This repository contains two educational parser implementations commonly studied in automata theory and compiler design courses:
- A Regular Language Parser based on Deterministic Finite Automata (DFA) using Python.
- A Shift-Reduce Parser for simple grammars, implemented in C++.
Each parser includes test data and configuration files for demonstration purposes.
This directory implements a DFA-based simulator that reads a configuration file describing the automaton and evaluates whether a given input string is accepted.

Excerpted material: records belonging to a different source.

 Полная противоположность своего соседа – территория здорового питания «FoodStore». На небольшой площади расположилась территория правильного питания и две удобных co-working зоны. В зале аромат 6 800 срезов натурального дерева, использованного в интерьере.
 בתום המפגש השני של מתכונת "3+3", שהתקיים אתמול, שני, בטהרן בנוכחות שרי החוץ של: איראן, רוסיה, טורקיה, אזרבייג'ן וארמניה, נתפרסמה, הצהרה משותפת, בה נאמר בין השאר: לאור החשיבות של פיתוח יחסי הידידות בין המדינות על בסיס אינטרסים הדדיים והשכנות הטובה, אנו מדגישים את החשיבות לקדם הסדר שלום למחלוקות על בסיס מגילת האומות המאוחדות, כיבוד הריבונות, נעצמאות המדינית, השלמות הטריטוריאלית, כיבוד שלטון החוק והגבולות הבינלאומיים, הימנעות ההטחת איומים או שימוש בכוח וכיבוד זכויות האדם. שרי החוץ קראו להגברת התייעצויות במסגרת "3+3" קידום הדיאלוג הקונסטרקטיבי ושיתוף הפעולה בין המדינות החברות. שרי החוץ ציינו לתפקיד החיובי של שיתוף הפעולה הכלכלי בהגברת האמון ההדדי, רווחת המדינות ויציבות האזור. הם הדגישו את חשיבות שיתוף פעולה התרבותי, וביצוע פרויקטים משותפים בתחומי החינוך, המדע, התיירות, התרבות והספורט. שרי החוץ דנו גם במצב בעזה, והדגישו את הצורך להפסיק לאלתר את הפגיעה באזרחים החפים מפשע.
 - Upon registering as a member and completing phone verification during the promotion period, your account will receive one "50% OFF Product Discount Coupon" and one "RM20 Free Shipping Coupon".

| File Name | Description |
|---|---|
automata_demo.py |
Basic DFA simulator using hardcoded transition functions. |
automata_demo_extended.py |
Extended DFA simulator that reads transitions, initial state, and final states from an external file (model2.txt). |
model.txt/model2.txt |
Primary test files used with automata_demo_extended.py. Contains full DFA config (transitions, initial state, final states). |
This directory contains a Shift-Reduce Parser for a simple grammar, implemented in C++. It uses a parsing table and rule set to process and reduce input strings.

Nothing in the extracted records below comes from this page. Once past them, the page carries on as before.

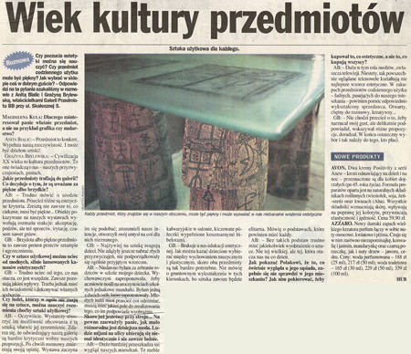 "Wiek kultury przedmiotu" - Gazeta Wyborcza - 2.11.00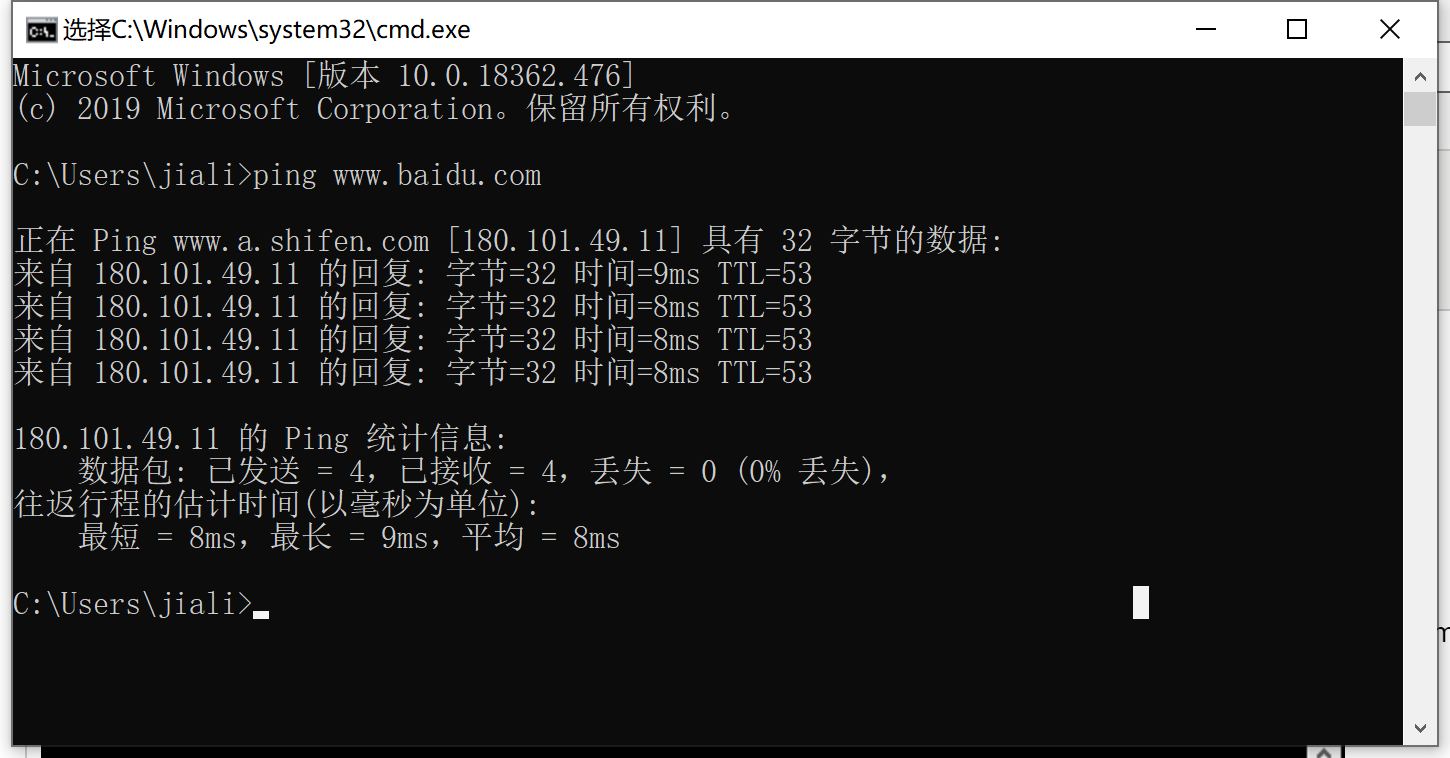 在提示符下,键入“ ping”以及您要ping的URL或IP地址,然后按Enter。在下图中,我们正在对www.baidu.com进行ping操作,并获得了正常的响应。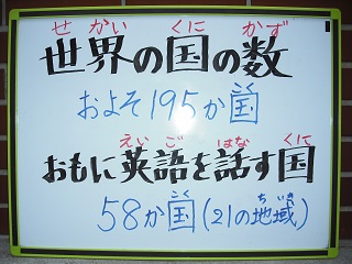12月12日(月)今日の朝会では「世界の国の数はいくらぐらいあるでしょうか?」という質問からお話をしました。答えはおよそ195か国。次に、そんな多くの国の中で、「おもに英語を話す国の数は?」という質問をしました。正解は、58か国(21の地域)だそうです。一緒に朝会に参加してくれたC-NETもカナダ出身であることを言いました。世界地図を見せながら、どんな国があるかを確認するとともに、外国語を学習していることが、将来いろんな国の人と知り合いになるために大切で役立つことを話しました。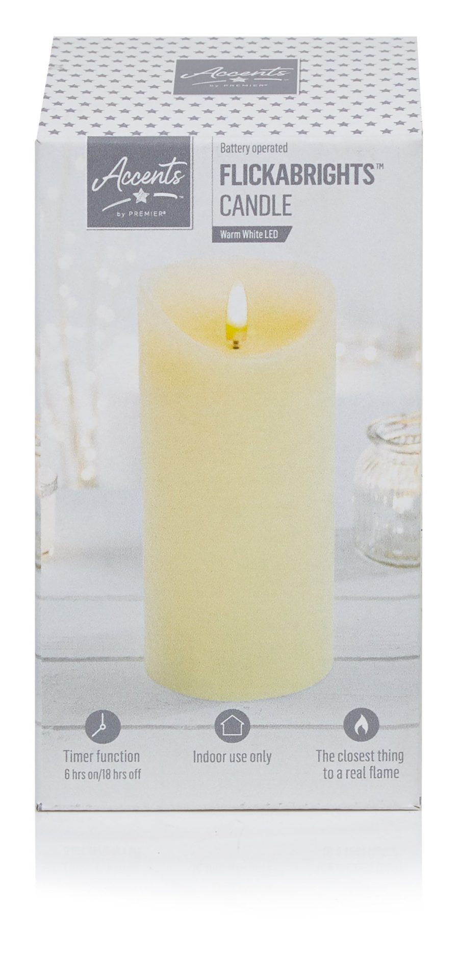 Create a romantic vibe this Christmas with the Premier Melted Effect Flickabright Battery-Operated Wax Pillar Candle. Featuring an artificial dripping wax design, the realistic candle is finished with an artificial flame for complete safety when lit. Perfect for use in traditional interiors or modern minimalist homes with a rustic edge, the elegant flickering candle can be used in a variety of displays. Perfect for use in kids’ bedrooms without the risk of real flames, the battery-operated candle makes a pretty alternative nightlight for the festive season. Place the on the mantlepiece, in windows, or switch out table lamps over Christmas for a magical touch. The candle also looks lovely when arranged with garlands and baubles as part of a table centrepiece at dinner parties. The pretty candle also comes with a handy timer of 8 hours on and 16 hours off to save energy, so you don’t have to worry about remembering to turn it off at the end of the day. Requires 2 x AA batteries (not included).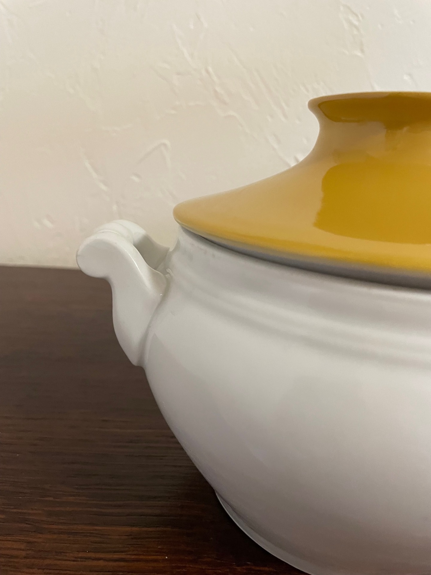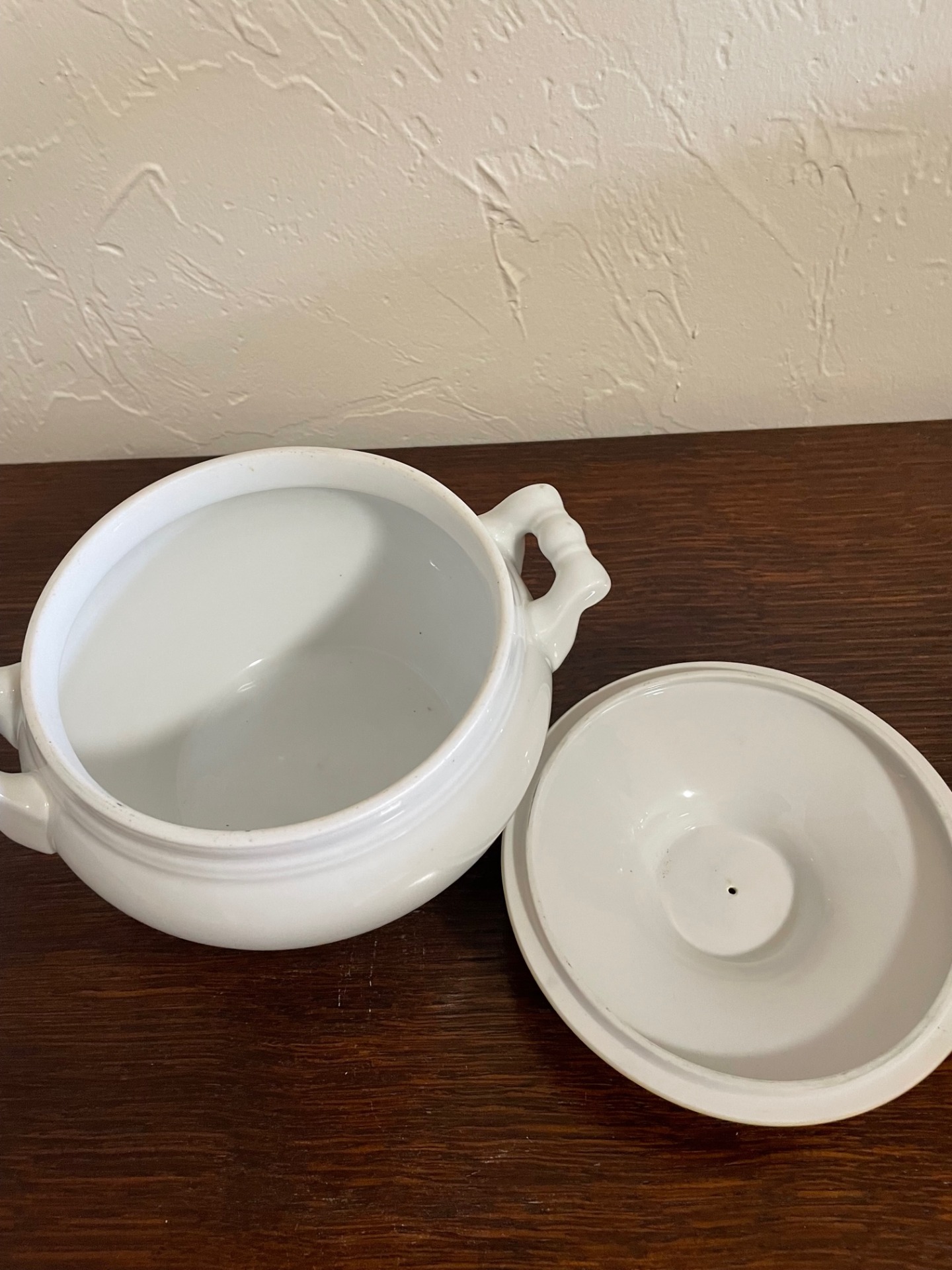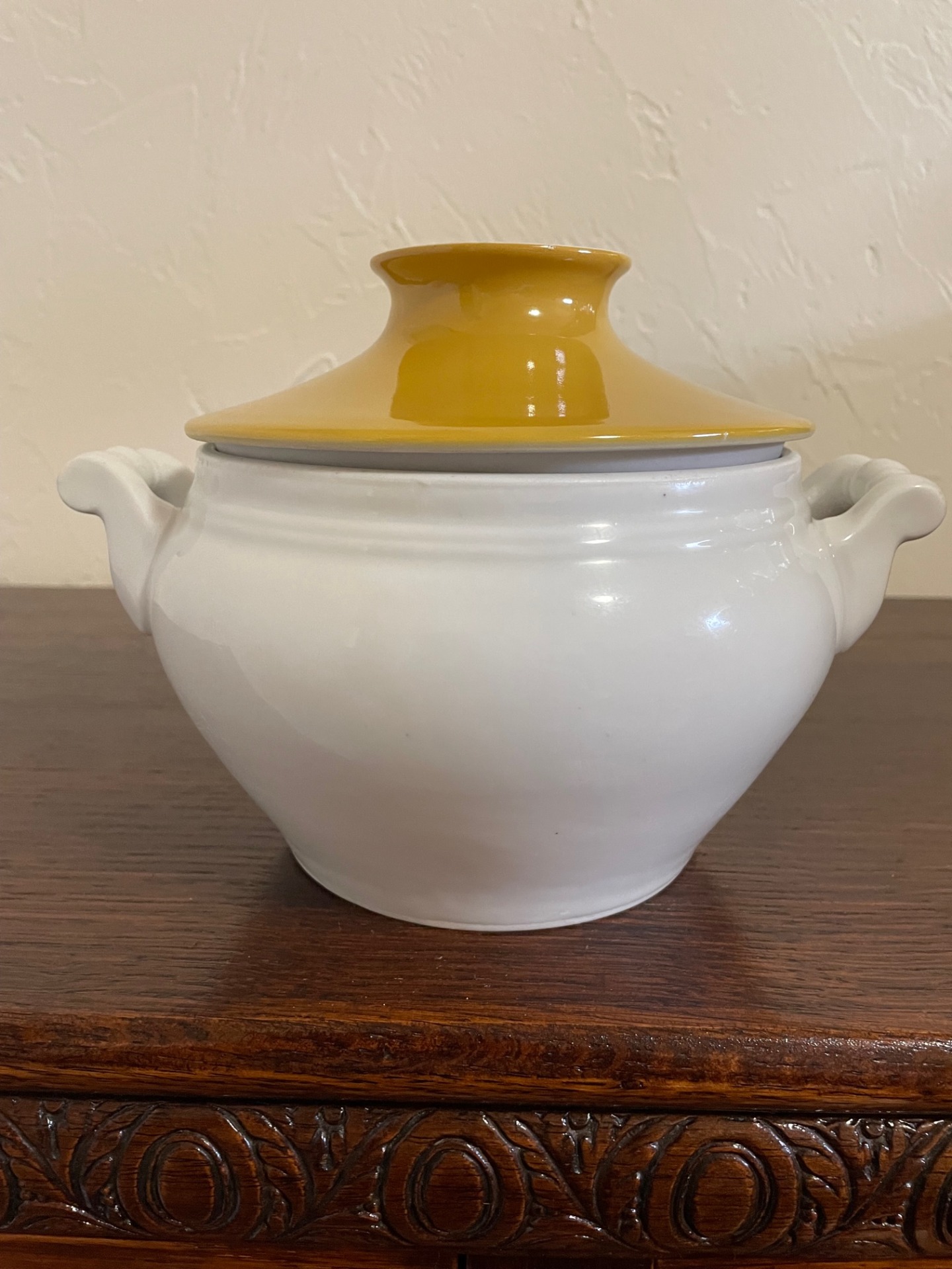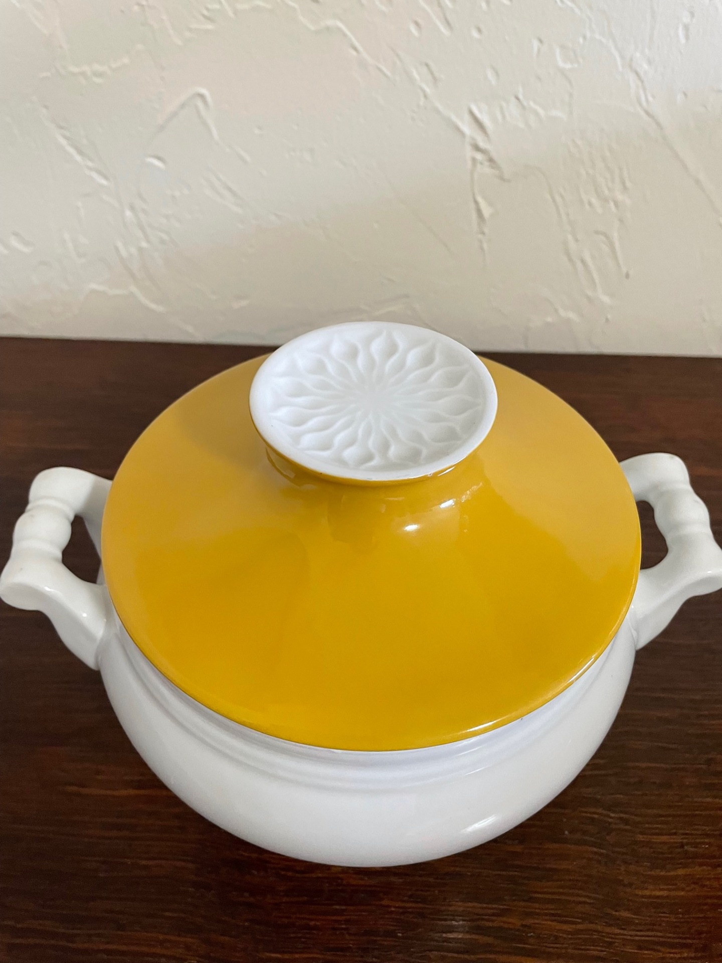 A fedele fölső része önmagában mintás. Hófehér tál, barna-fehér fedővel.

| File Name | Description |
|---|---|
Shift_Reduce_Parser.cpp |
Main C++ implementation of the shift-reduce parser. |
Parsing Table.csv |
Parsing table defining actions (shift, reduce, accept, error). |
Rules.txt |
List of grammar rules used for reductions. |
- Understand how DFA-based regular language parsers simulate recognition of regular languages.
- Explore the mechanics of bottom-up parsing via the Shift-Reduce technique.
- Gain exposure to parsing table construction, rule-based reduction, and stack-driven parsing logic.